What is your personal dream about Venini? Where would you like to take it next?

Venini is already very well perceived abroad. Everywhere I go, what I hear from people is, “Oh, you’re like the Dior of lighting and vases.” So, that’s what they think about the company. And sometimes I’m also quite surprised about that because I didn’t know that so many people knew the brand, and had such a perception of the brand outside of Italy.

In Italy we are very well known. Every family in Italy has a Venini vase—it’s a tradition to give a Venini vase as a present when people get married, for example. Venini needs to concentrate separately on the two sides, the two souls that I already mentioned: the cultural one and the commercial one. Concerning the commercial one, I think that Venini will have a big success by focusing on the custom-made market.

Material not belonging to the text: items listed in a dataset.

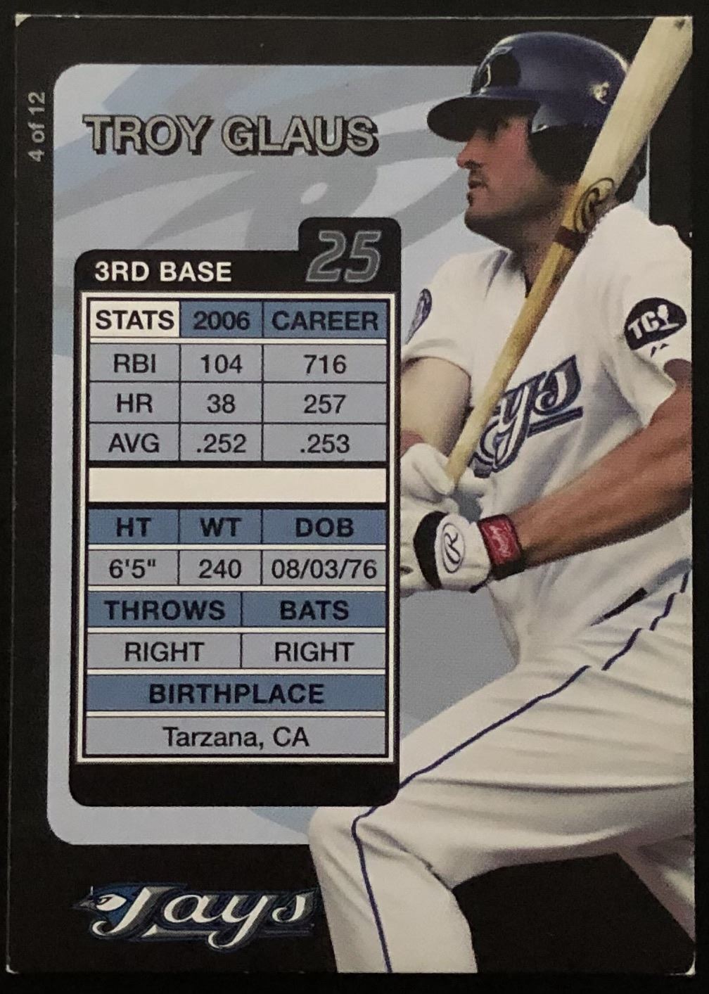 Card #4, promotional issue by team baseball, MLB, regional
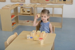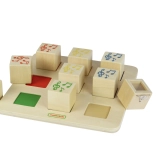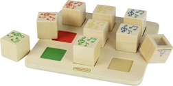 Dodatna funkcija igrače je možnost polnjenja prazne kocke s poljubnim materialom, na primer s peskom ali kamenčki, in odkrivanje, kakšen zvok bo oddajala ob stresanju. Igrača je idealna za Montessori pristop.
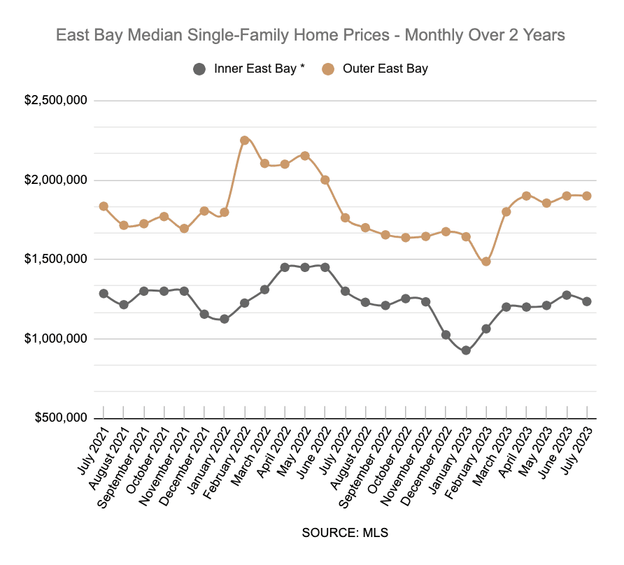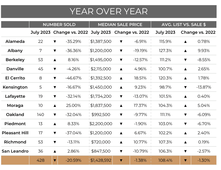 The number of closed home sales fell in all cities, with the exception Berkeley, Piedmont, and San Leandro. The median price fell from June to July by nearly 6% to $1.43 million - a result likely caused by heightened summer travel when listed homes in early July lost a number of potential buyers who were out of town. Despite this decrease, the median price remains nearly the same as one year ago so the recovery this year has recouped the losses that started mid 2022. Overall, the market is stronger though because last year was hit so hard, price recovery at the end of 2022 was better than it will be this year.
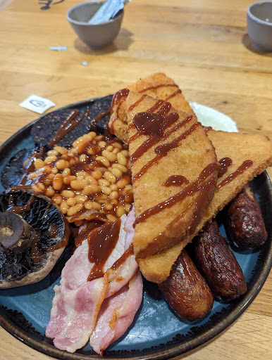 I've eaten here before for a quick, inexpensive meal and today, it was inexpensive but it most certainly wasn't quick. The food quality wasn't bad and I have to say, that for the price, it was ok. Good sized portion for the money. When I arrived, I looked where to sit and a majority of tables hadn't been cleared. I get places have staffing issues but 2 waitress, who were also taking payments at the till, were running the tables too. Another was busy messing about in the back with the 2 kitchen staff. She might have been a KP but should've come out front to clear tables. Once I found my table (at a disabled access table due to many others not being cleaned) I ordered my food on the self service pod. No issues, went through smoothly. These would be great in other establishments. I ordered at 13:11. At 13:41 I still haven't got my meal (bangers and mash!) I enquired and had to wait a further 10 minutes before my food arrived. I'm no grouch and I think it's important people enjoy their work, and having worked in the Hospitality industry and that my wife works for a 5 star cruise company and previously, the Shangri-la hotel group, these kitchen staff spent the whole time messing about and were wasting time rather than preparing customers orders. One of the guys, maybe a supervisor, was slightly better but overall their lack of professionalism contributed to the slowness of the food coming out. There were a decent number of customers but there were still multiple empty tables.
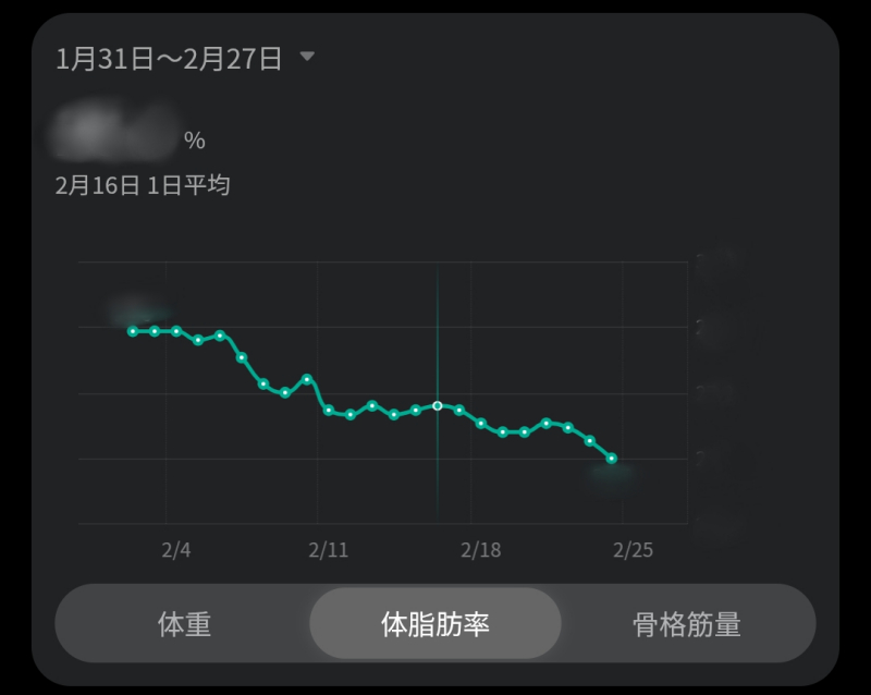 体脂肪率は停滞期を抜けて最近また下がりだした。3週間で合計3%減少。

Understanding local culture is key. In China, for example, it’s not reasonable to spend €800 on a vase, but maybe they can spend €200,000 for a chandelier. Custom-made and the possibility to produce different solutions will let Venini grow all over the world. We have many pieces coming from the ‘40s and ‘50s, and a very important market of collectors, which needs to be kept alive with auctions and exhibitions. On the other side, we also have the problem of counterfeits and imitations. So, we need to raise awareness about our original pieces. In this context, and in relation to Venini’s cultural soul, we’re doing a good job cooperating with all the foundations and institutions abroad. We will definitely continue in this direction.